[nvptx,PR81352] Add exit insn after noreturn call for neutered threads in warp

Message ID 61047ed2-e5e6-1b04-08d9-62b547001df2@mentor.com
State New
Headers show
Series
  • [nvptx,PR81352] Add exit insn after noreturn call for neutered threads in warp
Related show

Commit Message

Tom de Vries Jan. 24, 2018, 11:24 a.m.
Hi,

atm the test-case contained in this patch hangs.

For the test-case we generate:
...
   @ %r79 bra $L18;
   {
     call _gfortran_abort;
     trap;
     exit;
   }
  $L18:
...

which results in SASS code (at GOMP_NVPTX_JIT=-O4):
...
         /*05d8*/               @P0 BRA `(.L_18);
         /*05e8*/                   JCAL `(_gfortran_abort);
         /*05f0*/                   BPT.TRAP 0x1;
         /*05f8*/                   EXIT;
.L_18:
...
There's no convergence point generated for the diverging branch, so we 
may end up executing random code after .L18 (a problem I long suspected 
could happen, but never observed until now).

The patch adds an exit on the other path, making sure that all threads 
in the warp reach exit, and indeed fixing the hang:
...
   @ %r79 bra $L18;
   {
     call _gfortran_abort;
     trap;
     exit;
   }
  $L18:
  exit;
...

Build and reg-tested on x86_64 with nvptx accelerator.

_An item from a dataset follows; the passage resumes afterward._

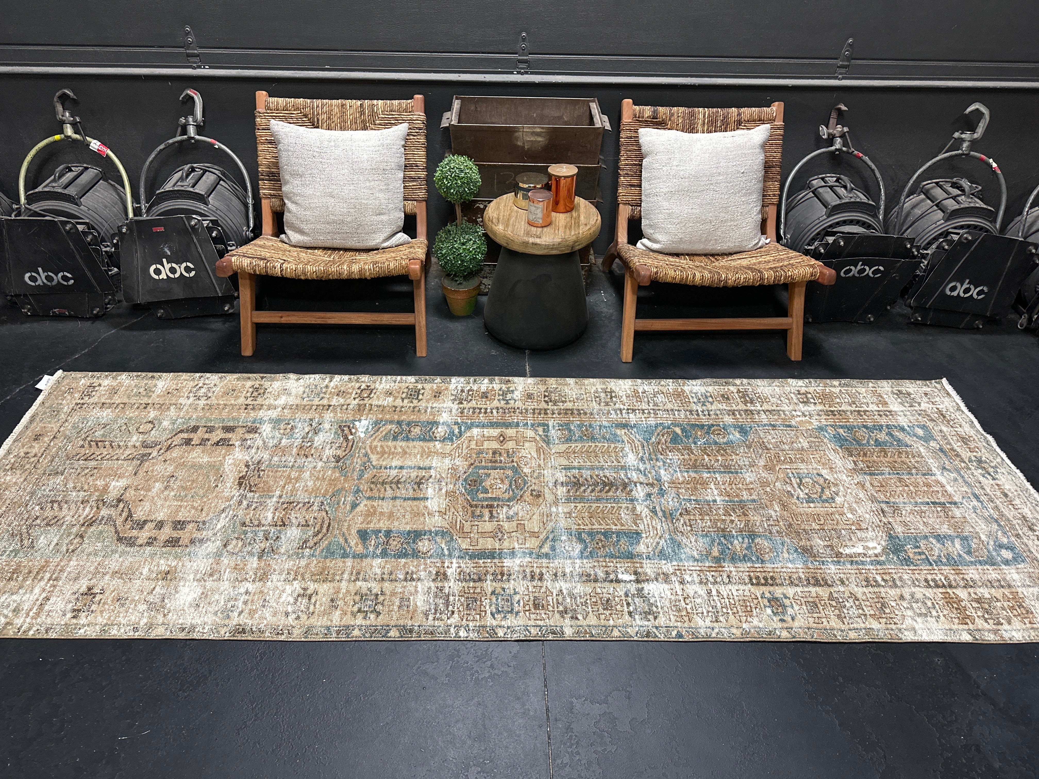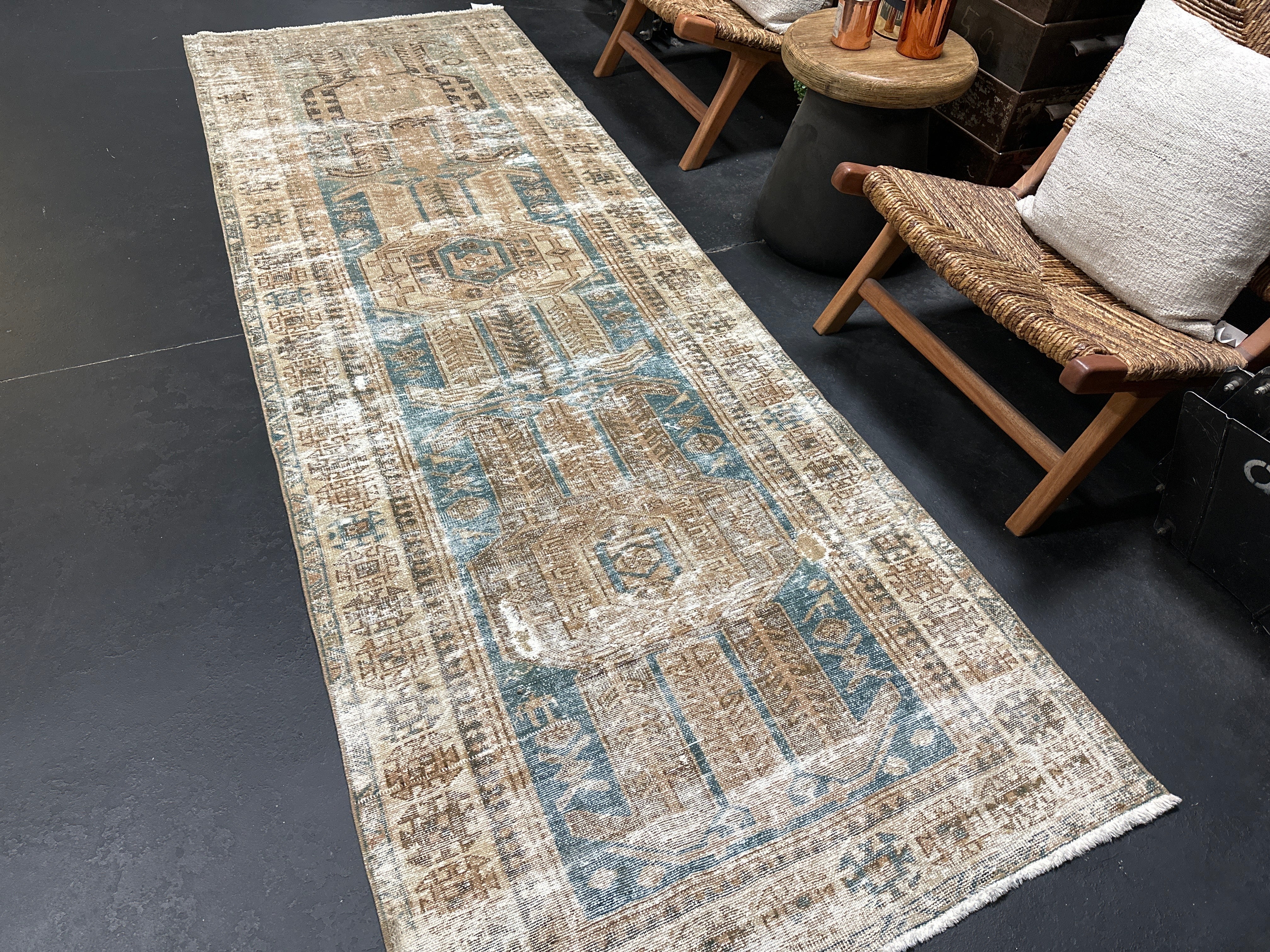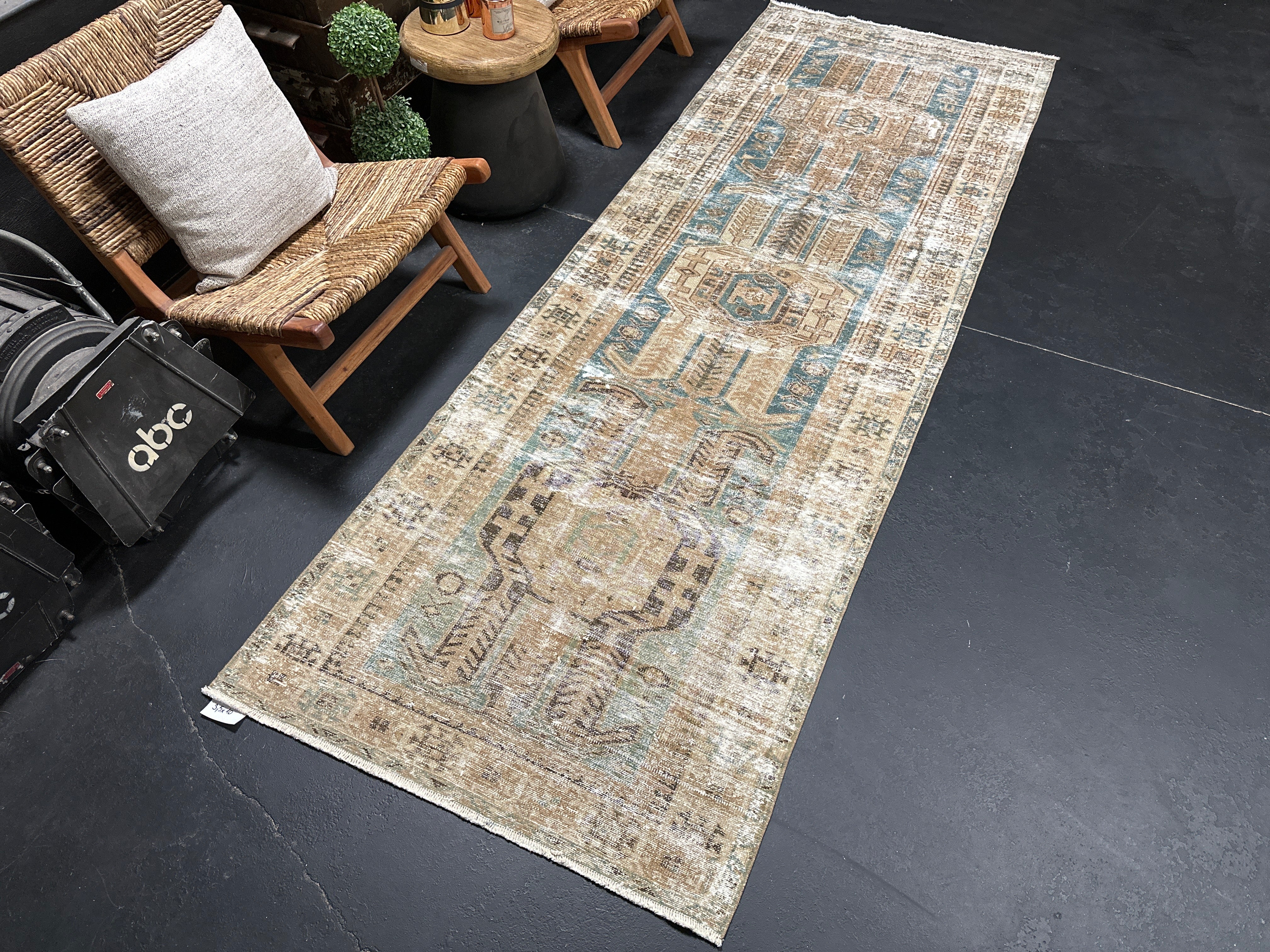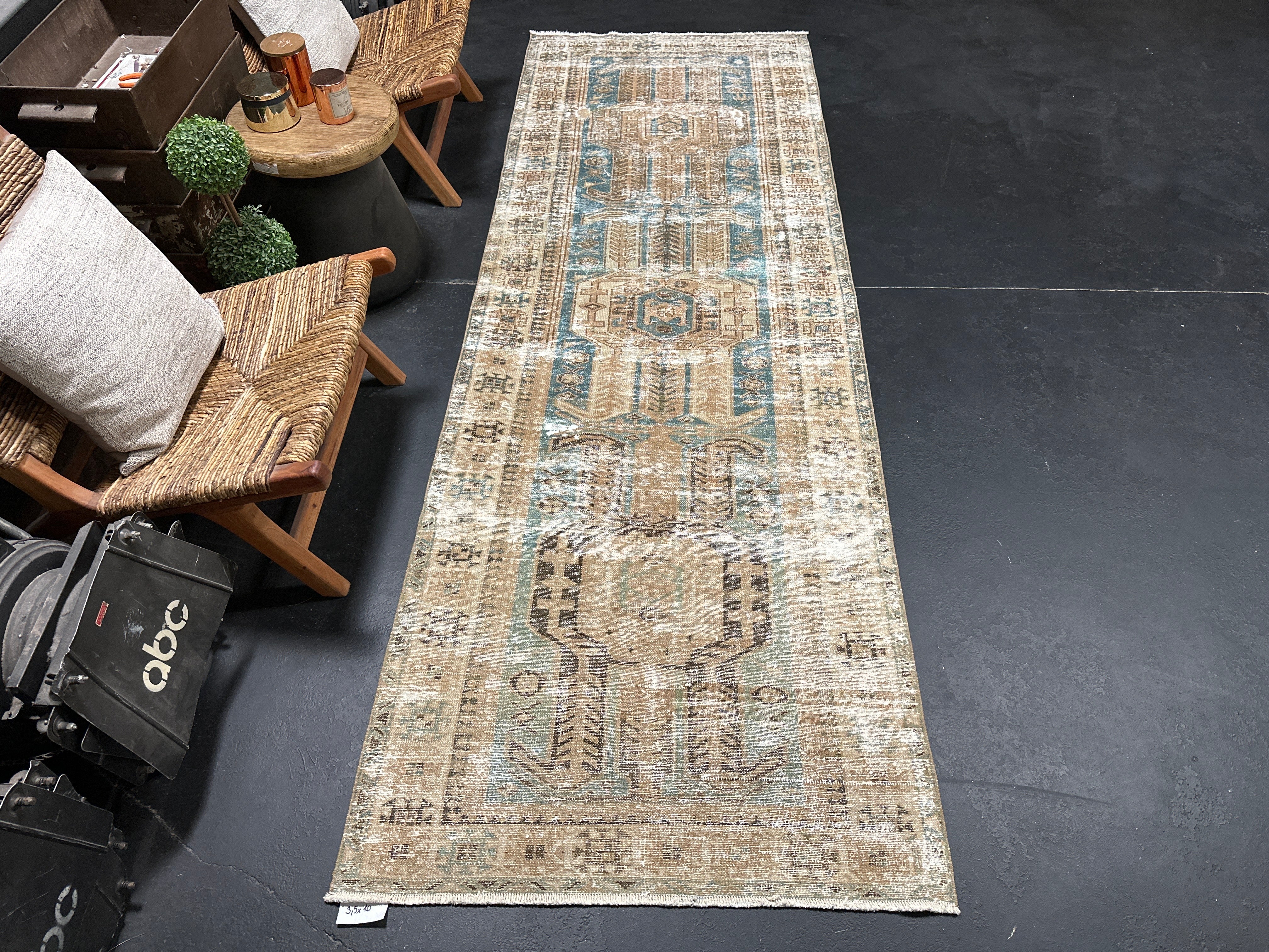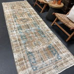 3’5 x 10’ Classic Vintage Runner Muted Turquoise Blue & Beige '5236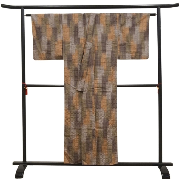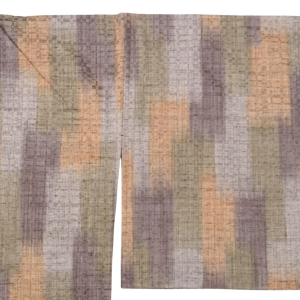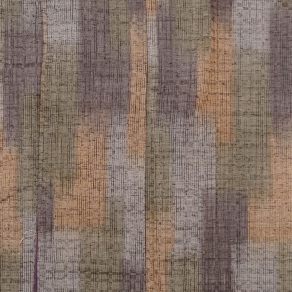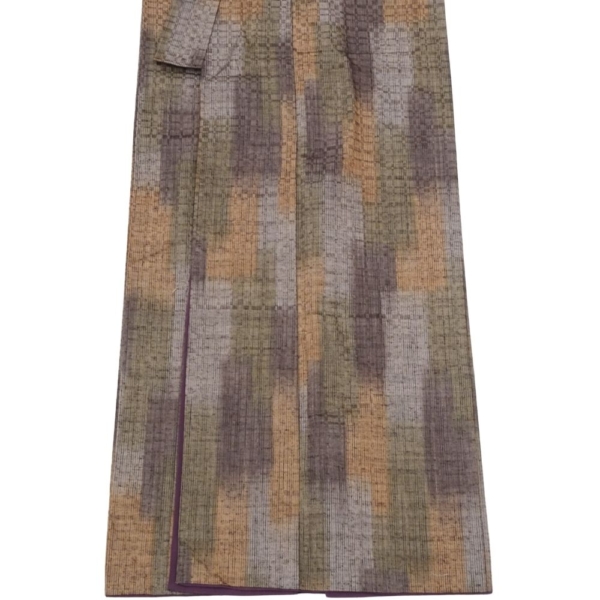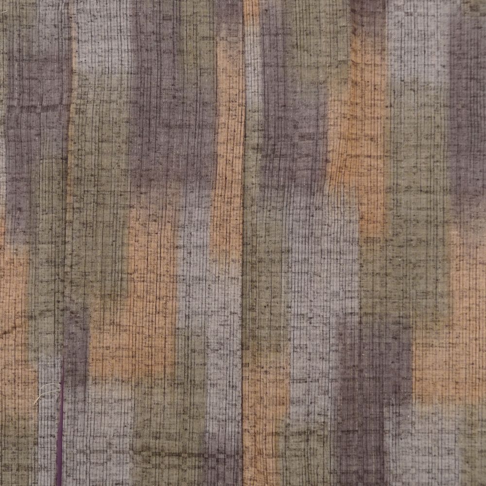 落ち着いたベージュ、オリーブなど、絶妙なニュアンスカラーを縦ぼかしで表現した、大変お洒落な紬です。

I'll commit this shortly for stage4. Strictly speaking, this is not an 8 
regression, but a wrong code bug. But I think that the code generation 
error seems fundamental enough, and the fix simple and localized enough, 
that it's stage4 permissible.

Thanks,
- Tom

Comments

Richard Biener Jan. 24, 2018, 11:53 a.m. | #1
On Wed, 24 Jan 2018, Tom de Vries wrote:

> Hi,

> 

> atm the test-case contained in this patch hangs.

> 

> For the test-case we generate:

> ...

>   @ %r79 bra $L18;

>   {

>     call _gfortran_abort;

>     trap;

>     exit;

>   }

>  $L18:

> ...

> 

> which results in SASS code (at GOMP_NVPTX_JIT=-O4):

> ...

>         /*05d8*/               @P0 BRA `(.L_18);

>         /*05e8*/                   JCAL `(_gfortran_abort);

>         /*05f0*/                   BPT.TRAP 0x1;

>         /*05f8*/                   EXIT;

> .L_18:

> ...

> There's no convergence point generated for the diverging branch, so we may end

> up executing random code after .L18 (a problem I long suspected could happen,

> but never observed until now).

> 

> The patch adds an exit on the other path, making sure that all threads in the

> warp reach exit, and indeed fixing the hang:

> ...

>   @ %r79 bra $L18;

>   {

>     call _gfortran_abort;

>     trap;

>     exit;

>   }

>  $L18:

>  exit;

> ...

> 

> Build and reg-tested on x86_64 with nvptx accelerator.

> 

> I'll commit this shortly for stage4. Strictly speaking, this is not an 8

> regression, but a wrong code bug. But I think that the code generation error

> seems fundamental enough, and the fix simple and localized enough, that it's

> stage4 permissible.


wrong-code bugs qualify for stage4 if a fix isn't too invasive.  Target
maintainers have an extra say to override stage4 rules anyway and for
non-primary/secondary targets nobody cares anyway.

Richard.

> Thanks,

> - Tom

> 


-- 
Richard Biener <rguenther@suse.de>
SUSE LINUX GmbH, GF: Felix Imendoerffer, Jane Smithard, Graham Norton, HRB 21284 (AG Nuernberg)
Tom de Vries Jan. 24, 2018, 1:42 p.m. | #2
On 01/24/2018 12:53 PM, Richard Biener wrote:
> On Wed, 24 Jan 2018, Tom de Vries wrote:

>> I'll commit this shortly for stage4. Strictly speaking, this is not an 8

>> regression, but a wrong code bug. But I think that the code generation error

>> seems fundamental enough, and the fix simple and localized enough, that it's

>> stage4 permissible.

> 

> wrong-code bugs qualify for stage4 if a fix isn't too invasive.  Target

> maintainers have an extra say to override stage4 rules anyway and for

> non-primary/secondary targets nobody cares anyway.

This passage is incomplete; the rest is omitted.